Each line in the records below, from the one that contains "가게 문을 열자, 익숙한" to the one that contains "av rostfritt stål.", should be reproduced exactly, the first and last included.

§ **GIVEN INFORMATION**
○ ○ ○ ○

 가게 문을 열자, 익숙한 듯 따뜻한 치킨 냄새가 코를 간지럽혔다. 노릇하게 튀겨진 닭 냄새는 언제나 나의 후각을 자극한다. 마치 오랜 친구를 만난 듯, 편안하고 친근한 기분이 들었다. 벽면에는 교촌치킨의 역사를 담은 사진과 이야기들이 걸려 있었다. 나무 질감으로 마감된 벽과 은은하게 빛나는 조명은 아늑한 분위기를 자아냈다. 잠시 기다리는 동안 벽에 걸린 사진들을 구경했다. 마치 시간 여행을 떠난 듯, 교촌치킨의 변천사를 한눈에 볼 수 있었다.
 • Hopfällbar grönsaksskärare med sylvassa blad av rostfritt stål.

○ ○ ○ ○

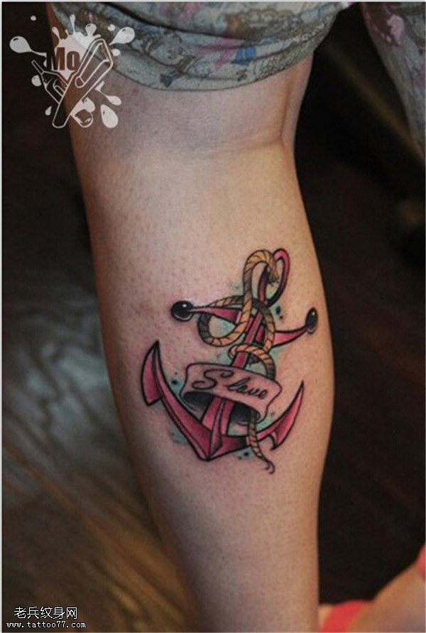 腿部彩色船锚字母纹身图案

○ ○ ○ ○

§ **ANSWER TO THE EXERCISE**
 가게 문을 열자, 익숙한 듯 따뜻한 치킨 냄새가 코를 간지럽혔다. 노릇하게 튀겨진 닭 냄새는 언제나 나의 후각을 자극한다. 마치 오랜 친구를 만난 듯, 편안하고 친근한 기분이 들었다. 벽면에는 교촌치킨의 역사를 담은 사진과 이야기들이 걸려 있었다. 나무 질감으로 마감된 벽과 은은하게 빛나는 조명은 아늑한 분위기를 자아냈다. 잠시 기다리는 동안 벽에 걸린 사진들을 구경했다. 마치 시간 여행을 떠난 듯, 교촌치킨의 변천사를 한눈에 볼 수 있었다.
 • Hopfällbar grönsaksskärare med sylvassa blad av rostfritt stål.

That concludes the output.